Your assignment >>
Using the records that appear below, write out exactly the lines from the one with "every year. Sources" through the one with "Where do ladybirds", keeping both end lines.

Data supplied >>
>>>>
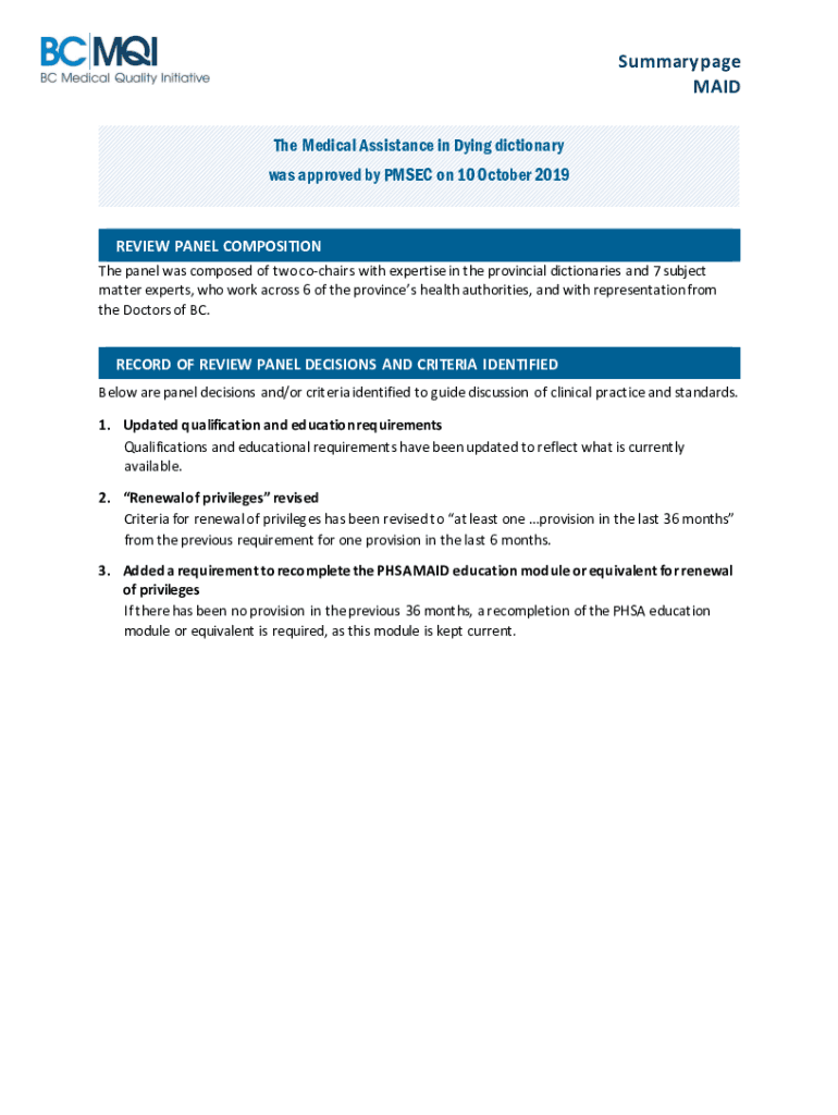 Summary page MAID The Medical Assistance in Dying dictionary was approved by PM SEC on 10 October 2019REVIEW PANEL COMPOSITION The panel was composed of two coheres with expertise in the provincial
<<<<
>>>>
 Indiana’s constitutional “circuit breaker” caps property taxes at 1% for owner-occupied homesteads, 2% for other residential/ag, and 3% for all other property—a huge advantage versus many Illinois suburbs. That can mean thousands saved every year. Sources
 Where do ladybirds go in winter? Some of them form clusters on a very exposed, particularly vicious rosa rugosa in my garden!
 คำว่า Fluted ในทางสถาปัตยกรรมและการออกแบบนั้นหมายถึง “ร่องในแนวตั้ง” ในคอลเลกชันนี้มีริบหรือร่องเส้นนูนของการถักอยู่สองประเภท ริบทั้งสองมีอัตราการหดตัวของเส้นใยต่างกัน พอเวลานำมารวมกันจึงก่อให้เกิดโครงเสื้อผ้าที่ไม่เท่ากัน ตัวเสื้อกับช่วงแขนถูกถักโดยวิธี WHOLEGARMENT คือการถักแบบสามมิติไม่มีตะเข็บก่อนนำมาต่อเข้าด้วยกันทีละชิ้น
<<<<
Task response >>
 Indiana’s constitutional “circuit breaker” caps property taxes at 1% for owner-occupied homesteads, 2% for other residential/ag, and 3% for all other property—a huge advantage versus many Illinois suburbs. That can mean thousands saved every year. Sources
 Where do ladybirds go in winter? Some of them form clusters on a very exposed, particularly vicious rosa rugosa in my garden!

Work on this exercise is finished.